If you see a picture in the data below, omit it and copy the rest exactly.

_DATASET EXCERPT_.
*** Block opens ***
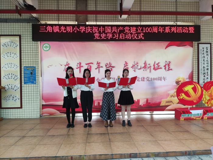 最后,還通過學生代表合唱、救人英雄講黨史、教師代表誦讀和師生大合唱等形式深情回顧黨的奮斗歷史,熱情謳歌黨的光輝業(yè)績,激發(fā)學生的歷史責任感,努力成長,成為民族復興的新時代好少年。
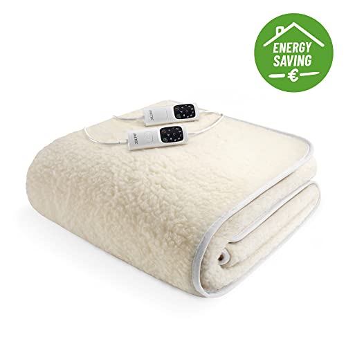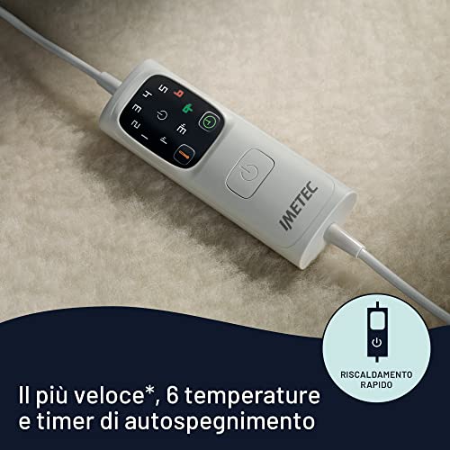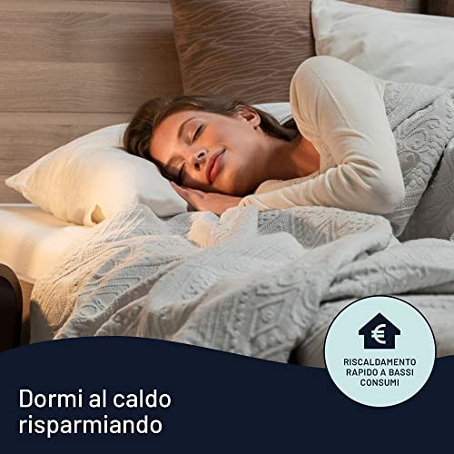 Imetec Scaldasonno Adapto matrimoniale 150 x 160 cm, Basso consumo, Riscaldamento rapido, Temperatura personalizzata, 100% lana e merino, Made in italy, 2 comandi separati, 6 temperature
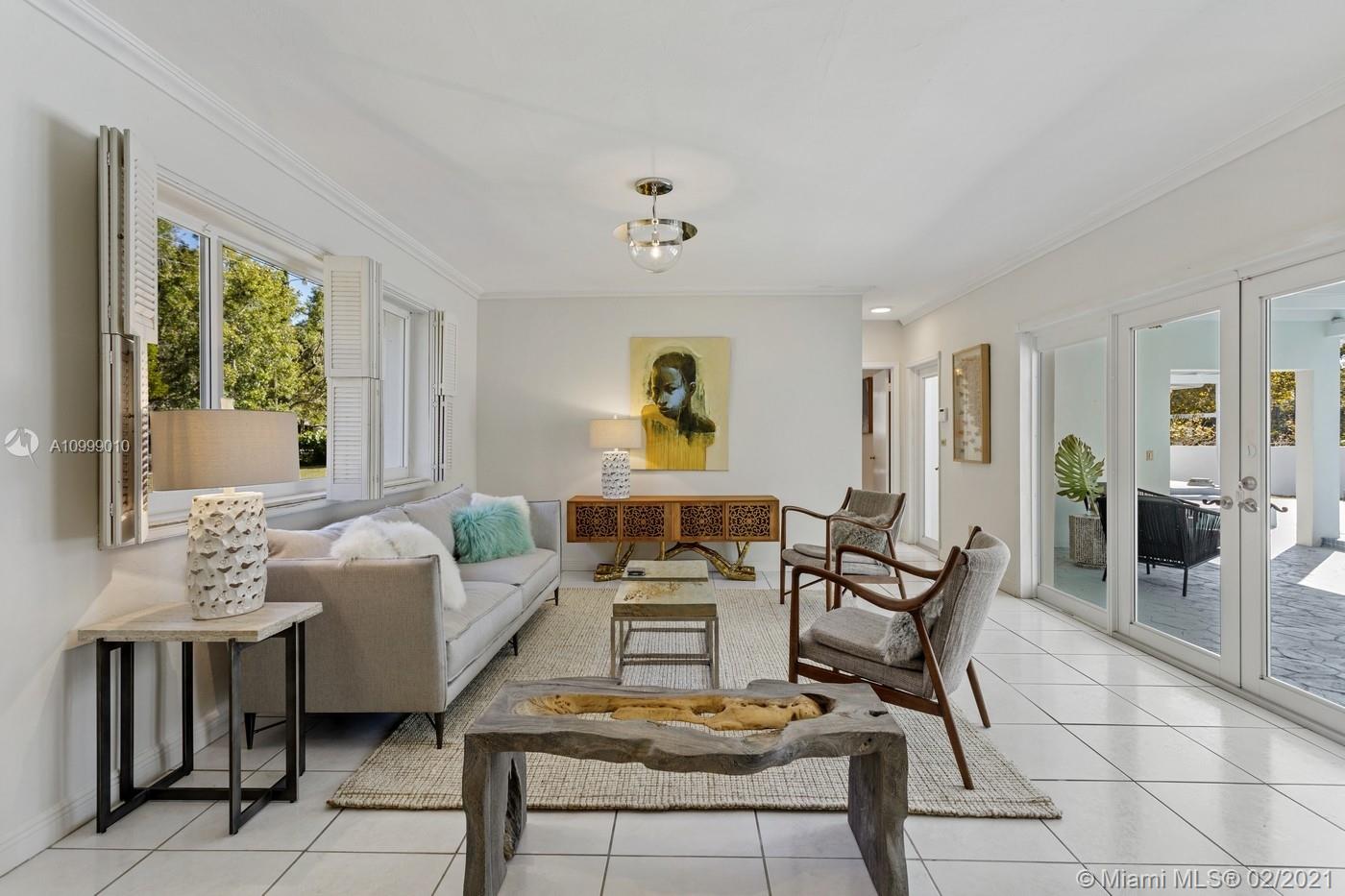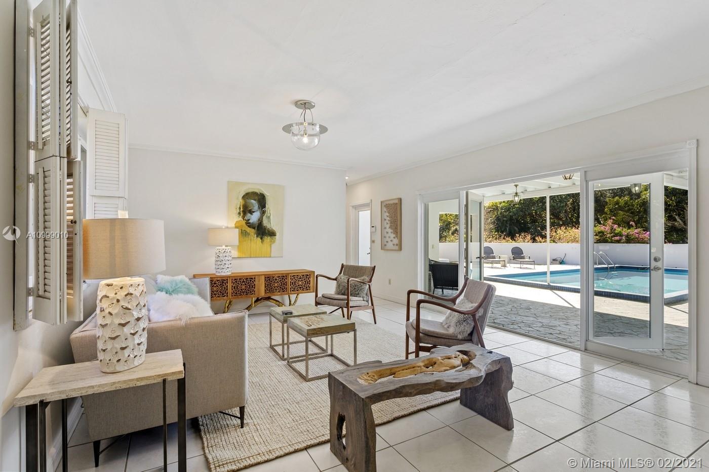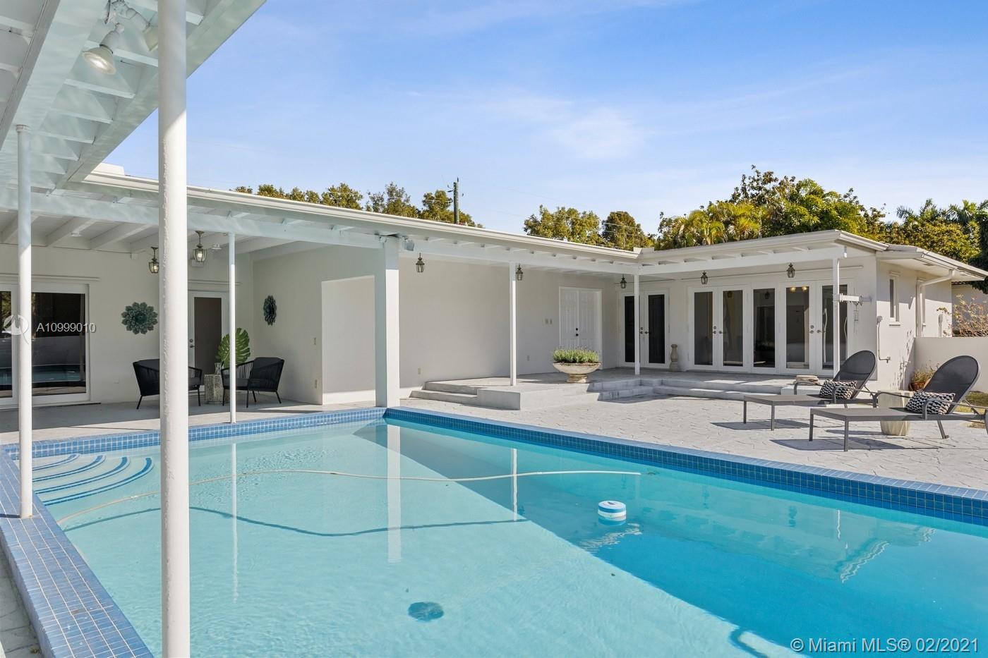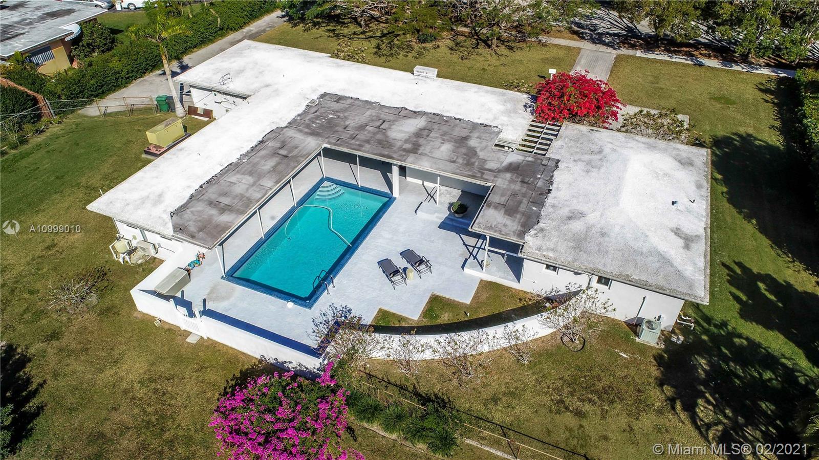 Beautifully Positioned on over 38000 sq.ft. of land, this throwback MIMO Style home will captivate your imagination. A Double door entry leads to a private courtyard embraced by a Cozy Casita and an “L” shaped Main House, each are focused on the pool patio with views from most rooms. An open-air exterior breezeway connects the two structures while providing ample opportunity for true indoor/outdoor living. You will find this “Courtyard Home” warm, inviting & sumptuously private. The main house with a split bedroom plan, has 2 bedrooms 2 baths and an eat-in Kitchen. The Casita is complete with a living room, a separate bedroom and a full bathroom. There is a 2 car side-entry garage, impact windows & doors & a whole house generator. Architects, Developers and creatives will love this home!
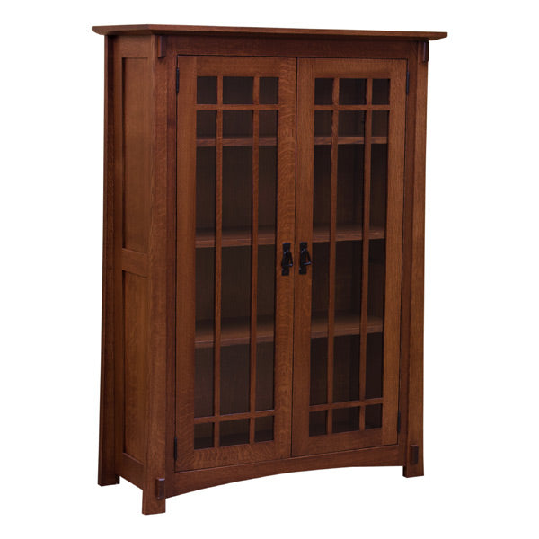 This 38" Amish Mission Bookcase w/Waterfall Glass Doors. is proudly made in the United States from exceptional craftsmanship and remarkable quality. The design of this furniture creates a simple, yet elegant look. Hand made using solid oak by highly experienced Amish Craftsmen in the Heartland of America and you can take pride in owning furniture built to the highest standards of quality.
*** Block closes ***
_ANSWER SPACE_.
 最后,還通過學生代表合唱、救人英雄講黨史、教師代表誦讀和師生大合唱等形式深情回顧黨的奮斗歷史,熱情謳歌黨的光輝業(yè)績,激發(fā)學生的歷史責任感,努力成長,成為民族復興的新時代好少年。
 Imetec Scaldasonno Adapto matrimoniale 150 x 160 cm, Basso consumo, Riscaldamento rapido, Temperatura personalizzata, 100% lana e merino, Made in italy, 2 comandi separati, 6 temperature
 Beautifully Positioned on over 38000 sq.ft. of land, this throwback MIMO Style home will captivate your imagination. A Double door entry leads to a private courtyard embraced by a Cozy Casita and an “L” shaped Main House, each are focused on the pool patio with views from most rooms. An open-air exterior breezeway connects the two structures while providing ample opportunity for true indoor/outdoor living. You will find this “Courtyard Home” warm, inviting & sumptuously private. The main house with a split bedroom plan, has 2 bedrooms 2 baths and an eat-in Kitchen. The Casita is complete with a living room, a separate bedroom and a full bathroom. There is a 2 car side-entry garage, impact windows & doors & a whole house generator. Architects, Developers and creatives will love this home!
 This 38" Amish Mission Bookcase w/Waterfall Glass Doors. is proudly made in the United States from exceptional craftsmanship and remarkable quality. The design of this furniture creates a simple, yet elegant look. Hand made using solid oak by highly experienced Amish Craftsmen in the Heartland of America and you can take pride in owning furniture built to the highest standards of quality.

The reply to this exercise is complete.